TASK ITEM
Up to and including the line with "东方财富数据显示,就在减持公", restate every line of the records below word for word, from the first line on, leaving out the pictures.
[[ PROVIDED ENTRIES, beginning ]]
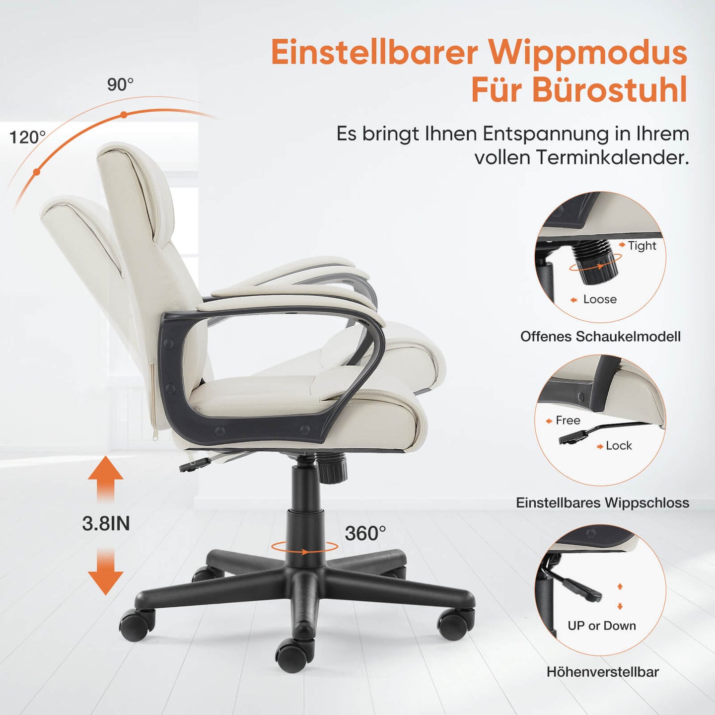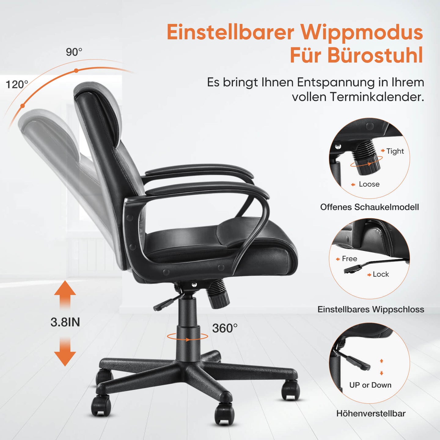 MULTIFUNKTION EINSTELLBAR - Dieser höhenverstellbare Bürostuhl, die verstellbare Kissenhöhe ist 18.3inch - 22.1inch, 4.2inch Bereich für Sie zu wählen. Darüber hinaus hat der Computer-Schreibtisch-Bürostuhl auch ein Schaukelmodell, ziehen Sie einfach den Griff, um die Rückenlehne (90°-120°) einzustellen, dieses Modell ermöglicht Ihre Lendenwirbelsäule, um einen besseren Liegewinkel zu finden, wodurch die Verletzung der Wirbelsäule.
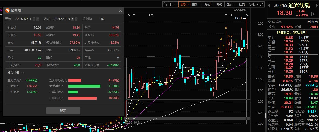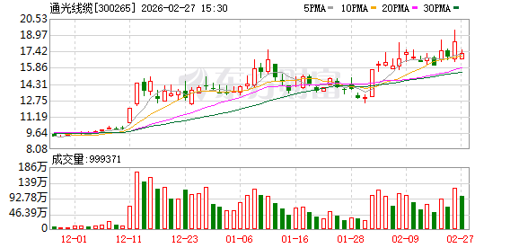 东方财富数据显示,就在减持公告发布的同日(2月26日),通光线缆股价在二级市场迎来大涨,盘中一度涨15.26%,最终收盘报18.30元/股,单日涨幅达8.67%。大股东和高管在板块及个股情绪双双走高时抛出减持计划,节点特征较为明显。
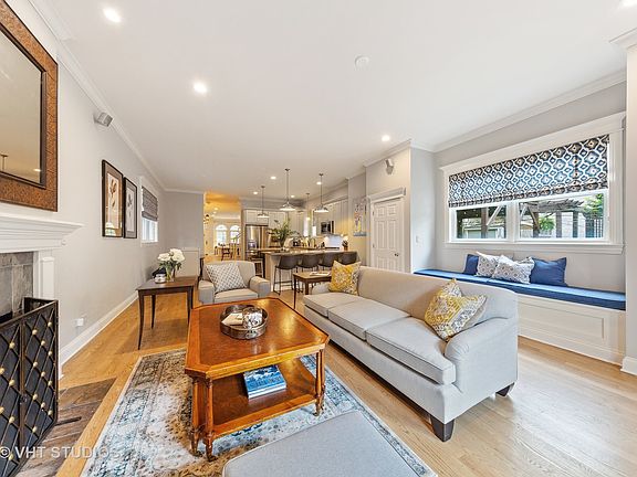 All brick single family is larger than it appears in the photo, and is BIGGER than you could build new today! Room for everyone - work at home / school at home / school at Blaine ... with so much room everyone gets their own bedroom, office, and maybe even a deck/balcony!! Three decks/ balconies - the garage roof deck is wired for sound, outdoor lighting, TV, and a fountain. The pergola and built-in planters create a feeling of beauty, peace and calm rarely found in the city. NOTE THE LOWER THAN TYPICAL PROPERTY TAXES - it's zoned as a 2-flat, so taxes per square foot are a DEAL! The lower level that could be used as a garden rental, nanny quarters or sports fan party palace - 10' ceilings, 2 walls of storage/display cabinets and shelving, 3rd fireplace, AND a full kitchen/bar with Bosch dishwasher, keg fridge, range and full refrigerator/freezer. Gracious center staircase and powder room mark the passage to the open kitchen (quartz counters/new subway backsplash/stainless steel appliances) with island AND peninsula AND eating area. An addition was added in 2005 by Foster Dale Architects with attention to every detail! See floor plan for more details - walking distance to Blaine and Southport shopping/retail. This block is a gem - and it's a happy home filled with joy, ready for the next owner to create their own happy memories. *** See Virtual tour link for walk through...
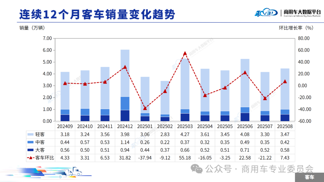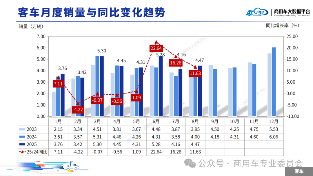 根据商用车大数据平台显示,2025年8月客车销量(批发)为4.47万辆,同比增长11.63%,环比增长7.43%。
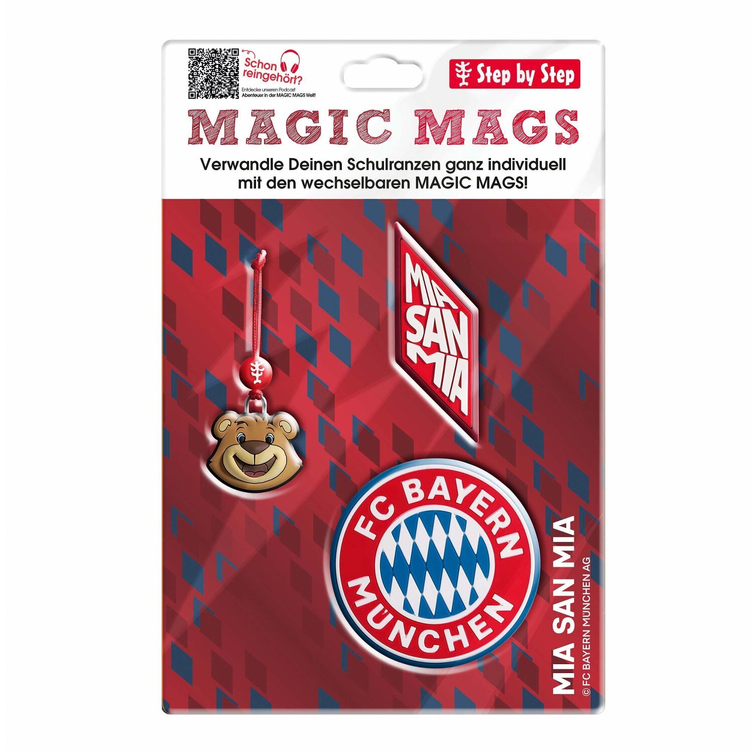 Imaginativos MAGIC MAGS en varios motivos que se pueden fijar a las mochilas escolares y preescolares Step by Step en la edición Fc Bayern. Su hijo puede intercambiar, combinar o eliminar por completo los motivos a su gusto. Un juego contiene dos MAGIC MAGS y un colgante adicional que se puede enganchar a un lazo para colgar.
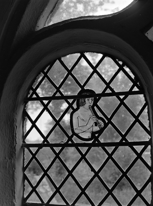 Fragment de vitrail, baie sud : buste d'un personnage jouant à la flûte (cliché Guy Artur, pré-inventaire, 1977)Immatriculation
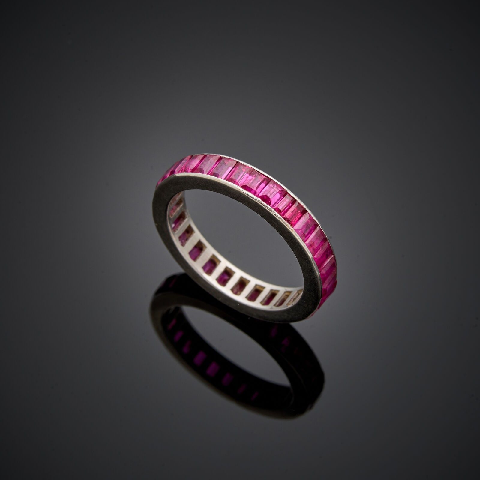 American wedding band in 14 k (585 thousandths) white gold set with calibrated rubies.
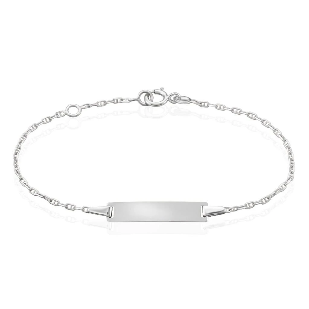 Bracelet Identite Bebe Or Blanc 375/1000 Plaque Rectangle Maille Forcat Marine 12/14cm
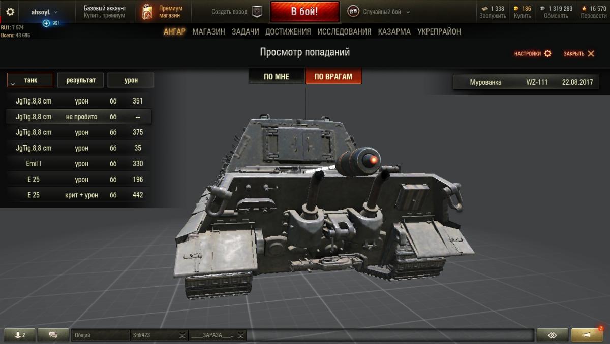 http://cdn-frm-eu.wargaming.net/wot/ru/uploads/monthly_08_2017/post-11773064-0-79872200-1503392513_thumb.jpgНе пробил Ягу8,8 на ВЗ-111(премиумном) бб, находясь сзади неё. По скриншоту видно, что снаряд попал в крышку МТО с бронёй 40мм. По моим расчётам, учитывая правило 2-х калибров, приведённая броня 40мм крышки не превосходит 112мм(брал предельный случай вхождения снаряда по касательной), тогда как минимальное пробитие бб на этом танке 131мм. Ссылка на реплей: http://wotreplays.ru/site/10380261#murovanka-ahsoyl-wz-111
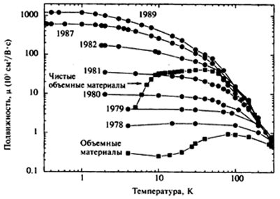 На рис. 6.2 представлены данные, иллюстрирующие прогресс, достигнутый в области повышения подвижности электронов при продольном переносе за последние двенадцать лет в наноструктурах на основе GаАs, типа описываемых выше полевых МОП-транзисторов.
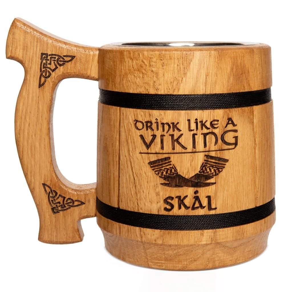 4.wooden bar cup: the viking decorations mug is durable, reliable, and built to last. with special engraving "drink like a viking", this cool decor cup is one of the best beer mug for dad.
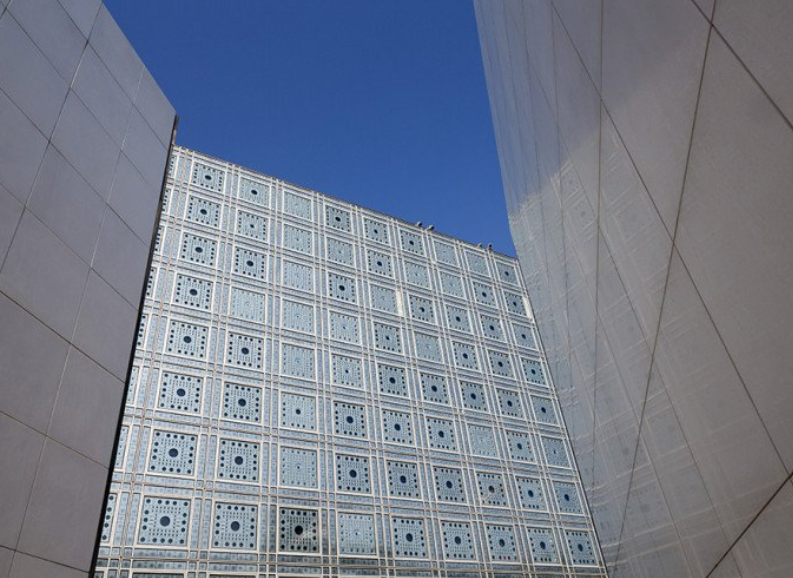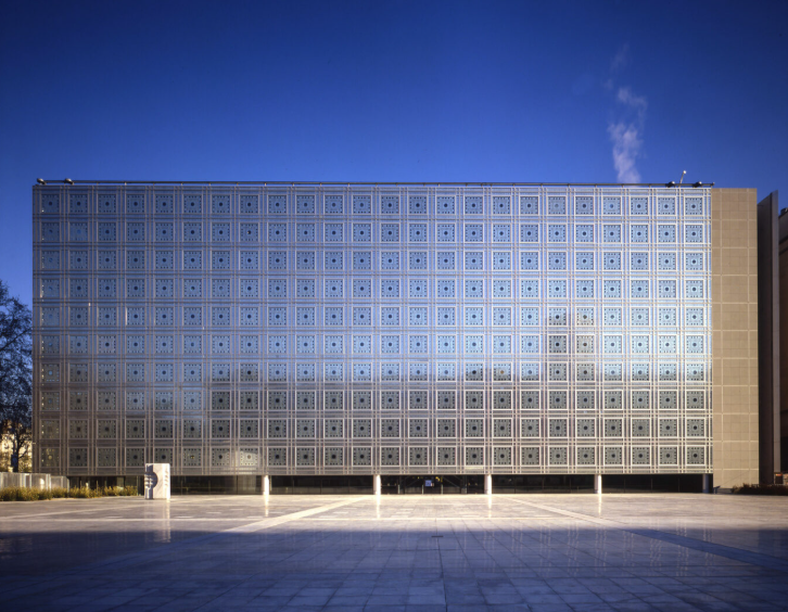 Opened in 1987 on the left bank of the Seine, the Arab World Institute (IMA) is a vivid emblem of cultural exchange between France and the Arab world. Designed by Jean Nouvel and Architecture-Studio, its sleek façade of photo-sensitive metal diaphragms reinterprets the traditional moucharabieh.
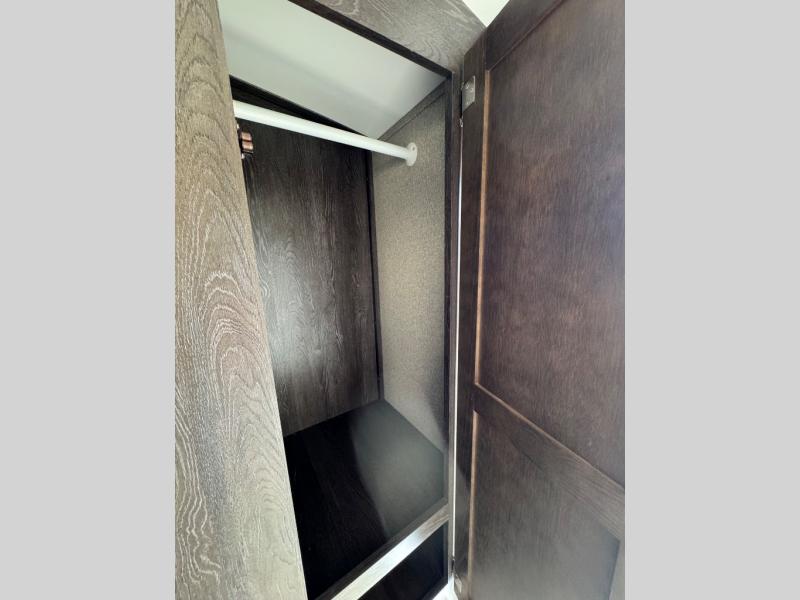 The front bedroom includes a space savings sliding door. Once inside you can rest on a queen size bed, store your camp clothes in the dual wardrobes, and place more items in the overhead storage above the bed.
[[ PROVIDED ENTRIES, end ]]
EXPECTED ANSWER
 MULTIFUNKTION EINSTELLBAR - Dieser höhenverstellbare Bürostuhl, die verstellbare Kissenhöhe ist 18.3inch - 22.1inch, 4.2inch Bereich für Sie zu wählen. Darüber hinaus hat der Computer-Schreibtisch-Bürostuhl auch ein Schaukelmodell, ziehen Sie einfach den Griff, um die Rückenlehne (90°-120°) einzustellen, dieses Modell ermöglicht Ihre Lendenwirbelsäule, um einen besseren Liegewinkel zu finden, wodurch die Verletzung der Wirbelsäule.
 东方财富数据显示,就在减持公告发布的同日(2月26日),通光线缆股价在二级市场迎来大涨,盘中一度涨15.26%,最终收盘报18.30元/股,单日涨幅达8.67%。大股东和高管在板块及个股情绪双双走高时抛出减持计划,节点特征较为明显。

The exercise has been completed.